TASK DESCRIPTION:
Please repeat the entire listing verbatim and keep the pictures out.

GIVEN DATA:

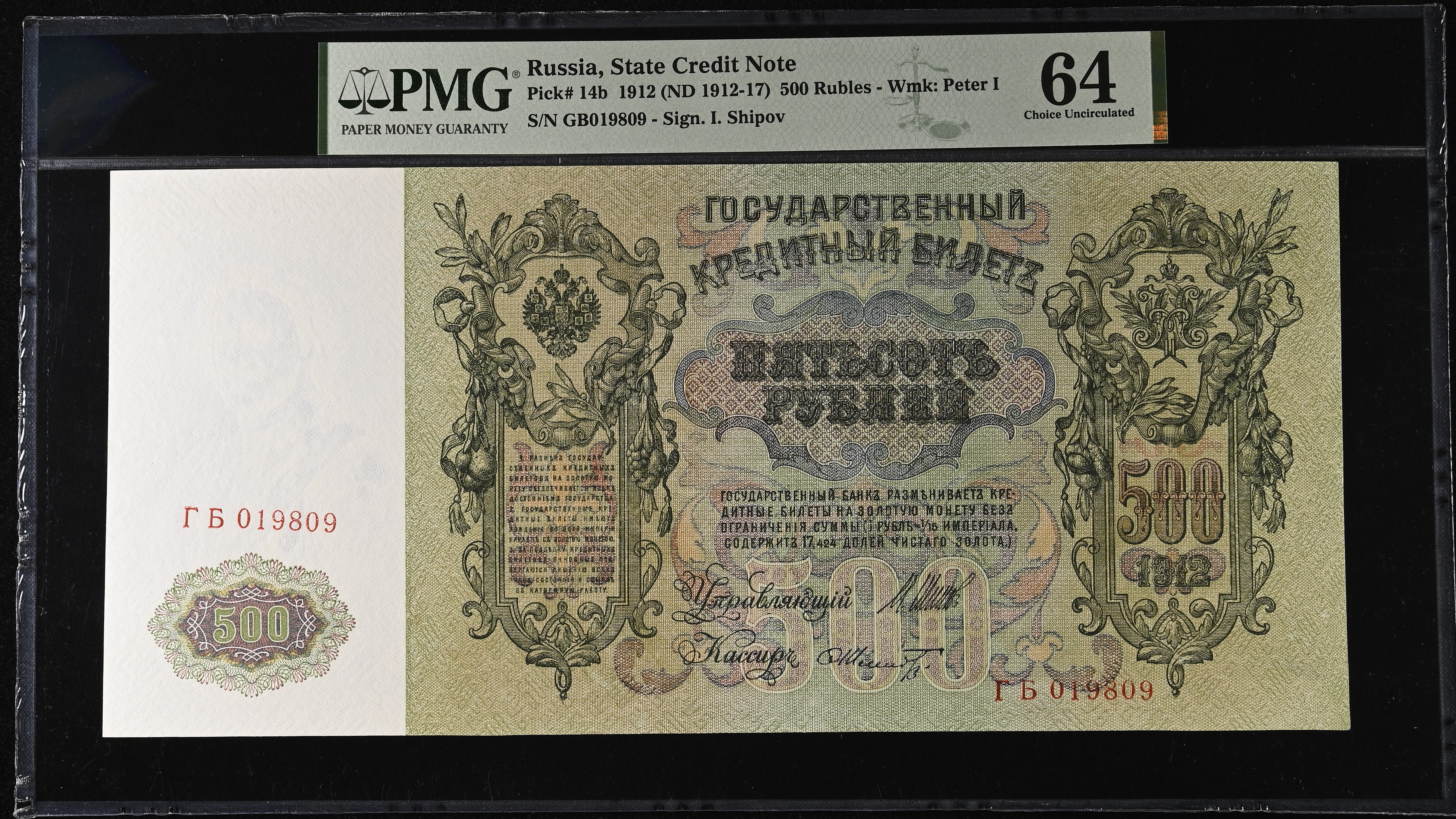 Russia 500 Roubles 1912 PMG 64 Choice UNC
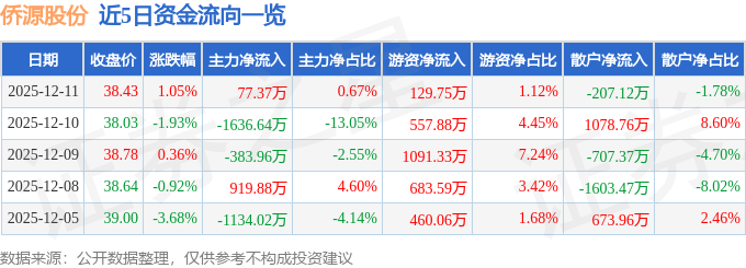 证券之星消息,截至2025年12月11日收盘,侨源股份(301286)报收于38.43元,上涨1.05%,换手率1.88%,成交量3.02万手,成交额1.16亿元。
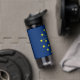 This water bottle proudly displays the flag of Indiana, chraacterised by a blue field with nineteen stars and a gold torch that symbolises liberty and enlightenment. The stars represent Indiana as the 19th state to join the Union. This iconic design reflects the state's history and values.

FINISHED TASK:
 Russia 500 Roubles 1912 PMG 64 Choice UNC
 证券之星消息,截至2025年12月11日收盘,侨源股份(301286)报收于38.43元,上涨1.05%,换手率1.88%,成交量3.02万手,成交额1.16亿元。
 This water bottle proudly displays the flag of Indiana, chraacterised by a blue field with nineteen stars and a gold torch that symbolises liberty and enlightenment. The stars represent Indiana as the 19th state to join the Union. This iconic design reflects the state's history and values.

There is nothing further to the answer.